Each individual possesses a unique genetic information, or genome, that is present in all cells in their body. This information, which is stored in the DNA, is determined by the specific nucleotide sequence. However, the DNA sequence is not the only factor that can determine or modulate gene function. Gene expression is also modulated by changes in the epigenome, which comprises all the chemical modifications to DNA and histone proteins.
In this article we will talk about DNA methylation, an important epigenetic mechanism, and describe how this mechanism is altered in cancer cells. We also highlight how saliva samples are comparable to blood samples in DNA methylation studies.

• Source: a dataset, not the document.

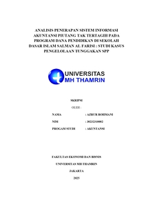 Azrur, Rohmani (2025) Analisis Penerapan Sistem Informasi Akuntansi Piutang Tak Tertagih pada Program Dana Pendidikan Dasar Islam Salman Al Farisi: Studi Kasus Pengelolaan Tunggakan SPP. Other thesis, Universitas Mohammad Husni Thamrin.

DNA methylation as an epigenetic mechanism
The term “epigenetics” refers to the set of mechanisms that regulate gene expression without affecting the nucleotide sequence of the DNA. Epigenetic mechanisms can be sub-divided into two types:
1.- Those affecting chromosomal proteins, thus altering the structure of DNA and affecting the interaction between proteins and DNA. This mechanism involves post-translational modifications in the histones, which regulate the degree of chromatin packaging and, therefore, gene expression.
2.- Those mechanisms that involve chemical modification of the DNA strand. In this case, DNA methylation is one of the most widely studied and is the subject of this article.
DNA methylation involves the enzymatic addition of a methyl group to cytosine and generally occurs in gene regions rich in cytosine and guanine dinucleotides (CpG). It occurs in gene-regulating regions and represents a mechanism for suppressing gene expression. Thus, when a gene is expressed exclusively in a specific cell type, it is probably methylated in all other cell types. Consequently, although all cells in an organism contain the same DNA sequence, their methylation pattern is different.
Moreover, in contrast to the DNA sequence, which is inherited from the progenitors’ gametes, DNA methylation markers are not inherited from the gametes. This is because, once the zygote has formed, the majority of these marks are eliminated or deleted to subsequently establish a “de novo” methylation pattern. This pattern forms the basis for the development of different organs and tissues and is generated in a programmed manner during embryonic development. Methylation markers are maintained after cell division, thus facilitating DNA packaging in the form of chromatin and representing a molecular “memory” mechanism that stores information about the genes that are expressed, or not, in specific cell types.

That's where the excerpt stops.